Reducionism and simplification

This post starts with what might seem as a discussion about computing, but is actually a poor man’s discussion about philosophy of science and has nothing to do with computing, it is much more applicable to biology, economics and sociology.

Lets be honest, computer scientists are trained to work for banks and insurance companies, to make web sites, software for cars and things like that. Those domains are actually very simple. A bank might be a gigantic institution, but it is possible to capture, granted with a lot a effort, all its processes inside a computer program. This creates a mental setting: Everything that we need to know is possible to be known: we just decide when to stop.

Now think about those simplistic (this is an understatement) mathematical and computational models for scientific problems (differential equations, Monte Carlo processes, Markov Chains, …). They model the “important parts” of the issue under study. These models are much simpler than the models working in computers to sustain day to day banking chores. Somehow it strikes me as strange that something as mechanic as a bank needs a more complex model than “nature”.

In the context of nature and making mathematical and computational models about it, I have a few things in mind:

First of all, in many problems in the natural world we don’t know what are the important parts to start with. This is very different from the “bank mentality” when you can know everything if you try hard. In my personal case, when I model malarial artesunate resistance, I am modeling something that people speculate how it works, and even if the speculation is correct most of the fundamental parameters are unknown. I am still to read a paper modeling something related to malarial drug use that doesn’t have a phrase like: “the relation between this value is and reality is assumed to be this (no citation – or citing something unpublished – or rationale provided)”.

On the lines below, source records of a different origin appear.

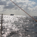 On débranche et rebranche tout ce qu’on trouve dans la famille seatalk, et au bout de 2 heures, avec un peu de WD40, ca remarche. On a fait les quarts avec la corne de brume attachée a côté du safran, pour pouvoir appeler a l’aide les copains qui dorment, car une fois qu’on a sauté sur la barre, plus moyen de la lacher. On a trouvé une manip qui semble fonctionner (un seul fils à débrancher et rebrancher sur la commande de pilote… Le pb est un peu récurent, voila pour la partie Pilote.
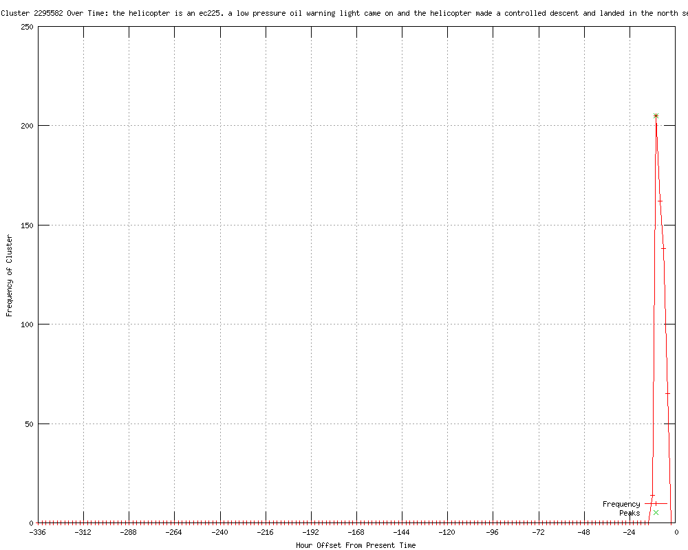 | 5 | the helicopter is an ec225. a low pressure oil warning light came on and the helicopter made a controlled descent and landed in the north sea. it didn't crash Urls http://thesun.co.uk/sol/homepage/news/4308704/Helicopter-crashes-into-North-Sea-with-14-people-on-board.html?OTC-RSS&ATTR=News http://da.feedsportal.com/c/851/f/10838/s/1f38ac81/l/0L0Sirishtimes0N0Cnewspaper0Cbreaking0C20A120C0A510A0Cbreaking310Bhtm/ia1.htm http://thesun.co.uk/sol/homepage/news/4308704/Helicopter-crashes-into-North-Sea-with-14-people-on-board.html http://thesun.co.uk/sol/homepage/news/4308704/Helicopter-ditches-in-North-Sea-with-14-people-on-board.html?OTC-RSS&ATTR=News http://thesun.co.uk/sol/homepage/news/4308704/Helicopter-ditches-in-North-Sea-with-14-people-on-board.html |
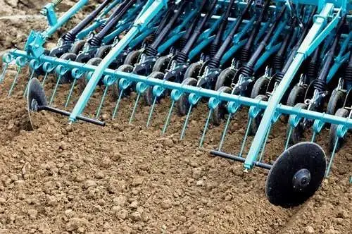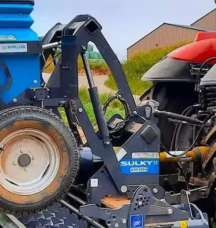 Zdjęcie powyżej: Siewnik zbożowy mechaniczny SULKY TRAMLINE zespolony z aktywną broną wirnikową, umożliwiający uprawę i wysiew w jednym przejeździe.

But the cornerstone of my reasoning is that, in complex processes, the devil is in the details and in the interactions between participating factors (most of which we
are unaware of). Soft sciences are holistic by nature. The property of the whole system comes from the everything and everywhere. The “banking” and “hard science” mentality are no good here, we cannot know everything, what we know is probably not enough, and most simplifications will lose something fundamental.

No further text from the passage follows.